I recently participated in a Hackathon at my workplace (Slid) where we spent 18 hours building cool features. My team set out to build a feature for recording an audio segment from an online video and then transcribing the audio recording.

Anticipating that there might be some other hackers out here, interested in trying out whisper model, I figured I might write a little bit about how to set it up in a django project.

Our hackathon project would have 2 main parts:

  1. Recording a desired audio range from a video and uploading the recorded file to a cloud based storage.
  2. Invoking an API that should perform the transcription task and save the results in a database.

In this article I will focus on the 2nd part; in other words how to build an API that, given a url address of an audio recording, can produce a transcript of it. There can be a wide range of use-cases for such an API functionality.

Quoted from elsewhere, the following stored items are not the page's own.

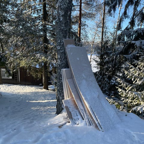 Kokeillaan tuuria. Tarvetta ois noin kahdelle kuvassa näkyvälle panelille. Ei tarvi olla koko pitkiä lyhemmätki palat käy. Väri valkoinen saarni. Jos on jämiä jonkun muunkin kuvioisesta niin saa tarjota kunhan on tuollaista pitkä välistä mallia, että sopis yhteen ja sais paikan tehtyä.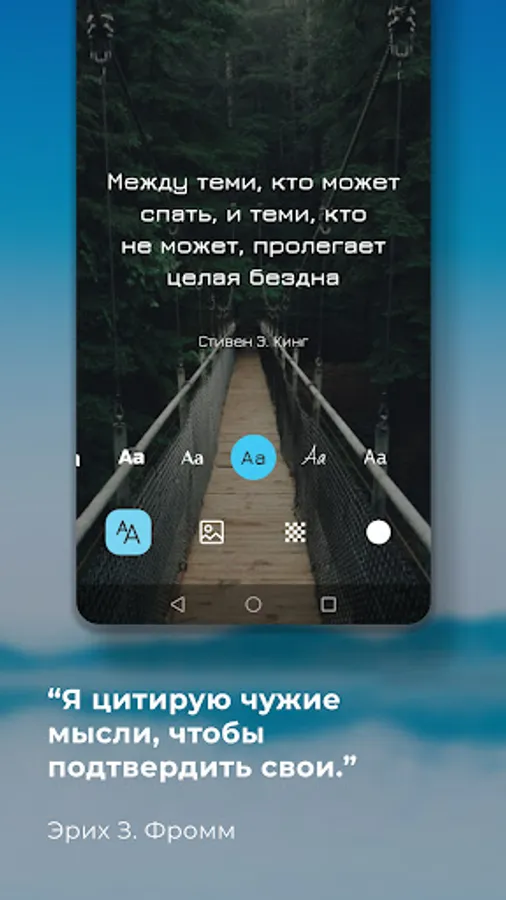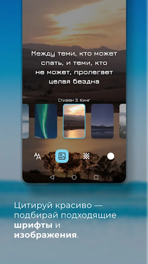 Lake is an application with more than 30 thousand quotes on any topic and mood, which become even more expressive thanks to a stunning design. Lake will allow you to get aesthetic and spiritual satisfaction; become wiser and discover new truths; pass the time to good use; beautifully share your thoughts and mood with others.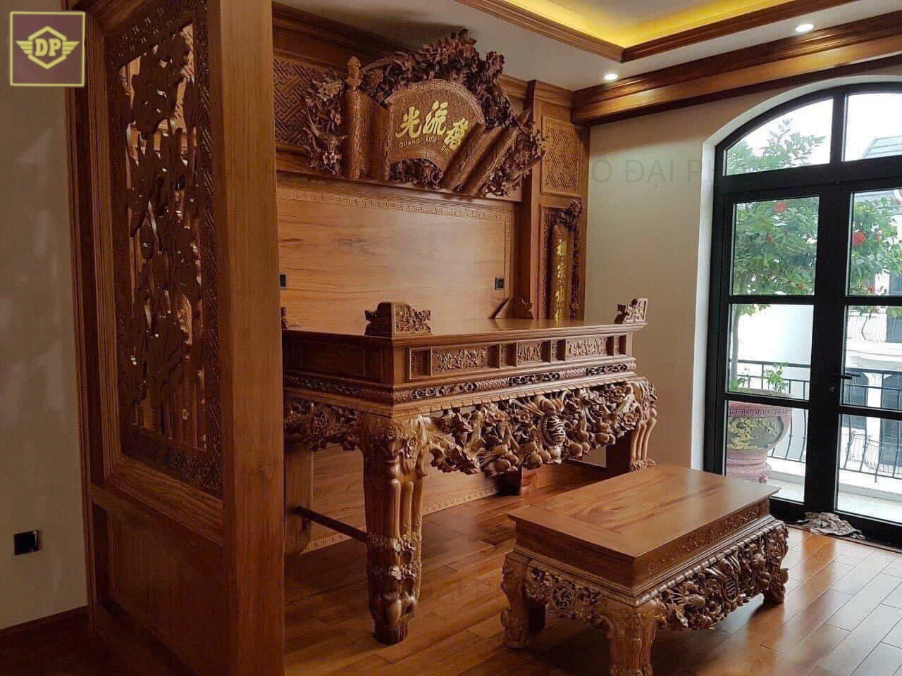 Ngoài ra, gỗ tự nhiên còn có độ bền cao, chịu được sự tác động của thời gian và môi trường. Khi sử dụng gỗ tự nhiên, bàn thờ sẽ giữ được vẻ đẹp theo thời gian, phù hợp với không gian sống của gia đình người Việt, đồng thời đáp ứng đủ tiêu chí về tâm linh.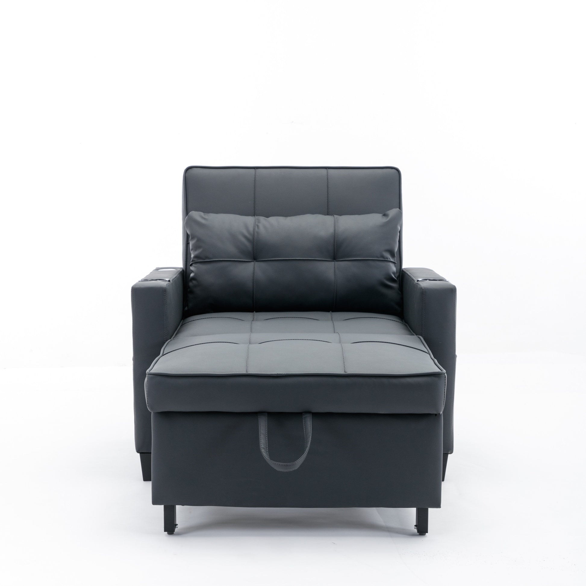 Canapé-lit convertible en similicuir noir avec ports USB

Therefore for the sake of learning, I am going to summarize the process as best as I can within my time constraints.

The following are some knowledge, that a reader would need to possess to benefit most from this article:

  1. Decent knowledge of the Python Programming Language
  2. Some knowledge of Django and Django Rest Framework
  3. Basic knowledge of the Linux operating system
  4. Some knowlEdge of AWS (EC2, S3 & IAM services)

A summary of what we will be building

We are going to assume that the audio files you wish to transcribe, have been uploaded to an internet accessible storage. Where your API can reach and download them.

Your frontend will call the API, sending it the URL of the audio file, and after that it will be pooling the API to ask if the task was done and if so retrieve the results.

Using Django & DRF we will create an endpoint that receives a POST request and kicks off the transcription task, and from there-onward receives GET requests for the getting the results for the task.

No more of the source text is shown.